The 'phone rang tonight. I was up to my elbows in dishwater but I rinsed off quickly and checked the Caller ID. It was a 408 area code, unknown name. Could it be a friend or relative on a cellphone? I answered.
"Is this William East?" she asked. She had me. What could I do? She had gotten me on the first try, I was nailed. "This is he" I answered.
"This is Carol Something or Other" she said, "From Republicans for Some Damn Thing." (I confess - I wasn't paying her my complete attention.) And then the interrogation started, without preamble or preparation:
"Do you believe the greatest challenge facing America today is..." followed by a list of social, probably Democrat-inspired, ills. I let her rattle them all off. I paused for a moment and answered "I believe the greatest problem in America today is people not respecting the Do Not Call list."
Carol was not a fan of witty repartee. Things got snippy, in a hurry. "We are exempt from that. Thank you for your time." And an immediate disconnect. Our chance for dialogue, seconds ago pregnant with possibility, had ended. So Carol, here's my response to you. Maybe you'll read it when you're looking for a Dead Milkmen fan page some day:
Yes Carol, I do know that when the political leaders of these great United States enacted the Do Not Call list, they somehow managed to exempt themselves, not to mention telephone surveyors such as yourself from its provisions. Rick Santorum can call me three times a day, morning noon and night, to sell me snake oil, hot air or empty promises. And then he can hire you, Carol, to call and find out what I think he should tell me he believes in so he won't slip up and speak his own mind.
But the thing is, here's this resource available to you, of people who are cranky enough about getting called in the middle of peak dishwashing hours that they took the time to visit a web site and give their full name and telephone number in the hope, however small, that they'll just be left alone. And you're not going to avail yourself of that? Are people who don't want unsolicited sales calls particularly good resources for the surveying community?

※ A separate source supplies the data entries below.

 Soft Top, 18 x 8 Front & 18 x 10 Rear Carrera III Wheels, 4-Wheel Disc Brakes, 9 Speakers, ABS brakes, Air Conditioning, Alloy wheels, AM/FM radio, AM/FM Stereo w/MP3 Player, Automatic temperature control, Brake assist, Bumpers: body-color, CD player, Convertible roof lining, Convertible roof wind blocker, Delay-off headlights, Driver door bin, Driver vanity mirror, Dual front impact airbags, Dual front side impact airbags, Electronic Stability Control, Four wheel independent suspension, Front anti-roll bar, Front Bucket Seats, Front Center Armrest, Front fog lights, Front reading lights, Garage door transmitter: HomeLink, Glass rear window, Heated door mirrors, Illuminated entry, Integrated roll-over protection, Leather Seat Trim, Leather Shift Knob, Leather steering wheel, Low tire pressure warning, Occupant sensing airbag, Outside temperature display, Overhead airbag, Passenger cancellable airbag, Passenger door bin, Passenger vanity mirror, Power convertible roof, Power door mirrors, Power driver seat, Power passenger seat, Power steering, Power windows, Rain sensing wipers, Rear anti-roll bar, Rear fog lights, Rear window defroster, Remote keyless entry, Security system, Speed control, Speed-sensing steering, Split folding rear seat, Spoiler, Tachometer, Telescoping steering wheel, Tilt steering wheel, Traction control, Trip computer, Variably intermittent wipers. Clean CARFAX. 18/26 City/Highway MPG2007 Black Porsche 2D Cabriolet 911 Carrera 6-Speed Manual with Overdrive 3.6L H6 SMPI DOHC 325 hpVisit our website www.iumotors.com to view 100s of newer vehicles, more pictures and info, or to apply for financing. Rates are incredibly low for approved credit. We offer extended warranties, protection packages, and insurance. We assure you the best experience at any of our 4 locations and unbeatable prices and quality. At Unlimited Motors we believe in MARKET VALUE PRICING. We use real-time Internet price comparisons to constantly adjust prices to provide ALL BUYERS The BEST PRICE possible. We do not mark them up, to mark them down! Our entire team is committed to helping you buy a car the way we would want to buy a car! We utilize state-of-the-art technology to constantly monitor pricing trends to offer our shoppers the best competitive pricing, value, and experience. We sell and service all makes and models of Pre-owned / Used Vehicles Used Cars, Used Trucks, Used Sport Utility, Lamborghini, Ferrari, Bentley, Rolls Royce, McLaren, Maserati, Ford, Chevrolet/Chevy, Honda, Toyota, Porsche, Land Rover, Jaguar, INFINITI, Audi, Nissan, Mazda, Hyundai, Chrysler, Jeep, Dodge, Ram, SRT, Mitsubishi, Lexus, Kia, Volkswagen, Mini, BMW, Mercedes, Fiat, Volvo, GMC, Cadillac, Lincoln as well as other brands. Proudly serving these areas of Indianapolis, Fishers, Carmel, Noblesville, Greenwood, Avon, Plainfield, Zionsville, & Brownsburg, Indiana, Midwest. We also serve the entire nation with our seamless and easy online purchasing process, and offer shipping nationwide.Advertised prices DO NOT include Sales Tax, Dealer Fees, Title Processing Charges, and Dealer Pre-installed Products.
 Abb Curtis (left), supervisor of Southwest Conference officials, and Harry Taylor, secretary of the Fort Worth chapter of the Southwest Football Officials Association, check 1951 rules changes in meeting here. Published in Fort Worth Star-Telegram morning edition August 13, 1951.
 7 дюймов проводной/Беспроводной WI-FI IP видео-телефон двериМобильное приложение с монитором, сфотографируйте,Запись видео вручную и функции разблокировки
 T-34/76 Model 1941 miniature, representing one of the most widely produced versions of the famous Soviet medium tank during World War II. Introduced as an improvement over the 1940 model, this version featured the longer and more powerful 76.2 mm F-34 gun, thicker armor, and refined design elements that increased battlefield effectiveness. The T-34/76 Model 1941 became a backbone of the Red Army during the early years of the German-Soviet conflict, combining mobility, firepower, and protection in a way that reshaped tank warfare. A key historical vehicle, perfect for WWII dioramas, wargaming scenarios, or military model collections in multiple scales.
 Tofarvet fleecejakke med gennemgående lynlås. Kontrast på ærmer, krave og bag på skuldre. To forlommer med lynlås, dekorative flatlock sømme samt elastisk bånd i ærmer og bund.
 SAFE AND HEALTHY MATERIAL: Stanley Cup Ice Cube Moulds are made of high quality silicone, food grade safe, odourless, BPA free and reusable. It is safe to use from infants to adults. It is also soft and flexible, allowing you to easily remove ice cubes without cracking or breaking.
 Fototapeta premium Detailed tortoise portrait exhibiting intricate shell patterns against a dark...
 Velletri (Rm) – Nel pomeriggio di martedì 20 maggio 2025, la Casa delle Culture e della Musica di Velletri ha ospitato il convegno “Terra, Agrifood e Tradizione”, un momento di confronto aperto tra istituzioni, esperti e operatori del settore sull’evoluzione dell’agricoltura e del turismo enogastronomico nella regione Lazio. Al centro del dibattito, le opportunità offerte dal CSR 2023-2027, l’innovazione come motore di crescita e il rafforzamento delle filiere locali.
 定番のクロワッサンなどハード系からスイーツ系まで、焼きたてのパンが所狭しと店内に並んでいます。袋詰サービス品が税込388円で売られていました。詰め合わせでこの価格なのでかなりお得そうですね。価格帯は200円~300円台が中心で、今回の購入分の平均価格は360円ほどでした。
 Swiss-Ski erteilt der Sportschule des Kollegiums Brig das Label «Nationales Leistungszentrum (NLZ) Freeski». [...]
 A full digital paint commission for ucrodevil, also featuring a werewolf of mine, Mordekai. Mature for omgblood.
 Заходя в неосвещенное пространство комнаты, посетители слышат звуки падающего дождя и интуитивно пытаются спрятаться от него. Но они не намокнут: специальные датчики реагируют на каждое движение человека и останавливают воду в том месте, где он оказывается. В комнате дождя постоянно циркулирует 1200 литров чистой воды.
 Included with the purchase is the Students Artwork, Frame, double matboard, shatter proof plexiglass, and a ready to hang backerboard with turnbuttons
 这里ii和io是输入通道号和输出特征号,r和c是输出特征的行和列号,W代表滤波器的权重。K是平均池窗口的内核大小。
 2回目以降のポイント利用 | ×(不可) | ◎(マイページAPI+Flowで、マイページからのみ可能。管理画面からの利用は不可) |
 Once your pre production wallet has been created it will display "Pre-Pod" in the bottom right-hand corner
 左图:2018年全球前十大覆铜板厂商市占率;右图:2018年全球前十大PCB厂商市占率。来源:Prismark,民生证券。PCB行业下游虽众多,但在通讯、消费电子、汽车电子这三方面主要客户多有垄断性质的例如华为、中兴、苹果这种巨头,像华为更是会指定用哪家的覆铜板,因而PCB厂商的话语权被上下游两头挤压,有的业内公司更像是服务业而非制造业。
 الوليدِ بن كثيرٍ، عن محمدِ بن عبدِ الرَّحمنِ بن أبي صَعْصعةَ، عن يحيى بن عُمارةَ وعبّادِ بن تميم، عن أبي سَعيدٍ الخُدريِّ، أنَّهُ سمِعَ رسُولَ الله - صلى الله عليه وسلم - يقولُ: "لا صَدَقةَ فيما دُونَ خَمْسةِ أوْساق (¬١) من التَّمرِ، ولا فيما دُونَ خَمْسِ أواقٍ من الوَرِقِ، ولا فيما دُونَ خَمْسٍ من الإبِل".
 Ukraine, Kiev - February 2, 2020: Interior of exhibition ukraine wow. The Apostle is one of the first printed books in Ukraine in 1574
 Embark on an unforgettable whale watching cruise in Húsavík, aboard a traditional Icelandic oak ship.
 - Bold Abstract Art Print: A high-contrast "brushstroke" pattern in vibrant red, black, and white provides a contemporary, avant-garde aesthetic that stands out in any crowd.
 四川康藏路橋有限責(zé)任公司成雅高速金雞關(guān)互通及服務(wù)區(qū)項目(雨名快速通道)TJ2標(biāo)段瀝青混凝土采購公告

I realize it's not you personally, Carol, who thought I should be probed for my opinion on the state of the world as it is but some high-up chief survey manager at Republicans for Some Damn Thing with a database, perhaps borrowed from the Republican Party, of names and numbers. Didn't that manager ever wonder if by pestering the above-mentioned cranks at home his organization, and by association Republicans in general, might lose some of their appeal to poor misanthropes such as myself? And why is it that no-one stopped to wonder whether (and this is probably the most serious point in this whole overreaction of mine) that which is not forbidden might still not be the right thing to do?
If you can't guess, Carol, I've been thinking about this for a little while. Why don't you think about it and get back to me on it? You've got my number.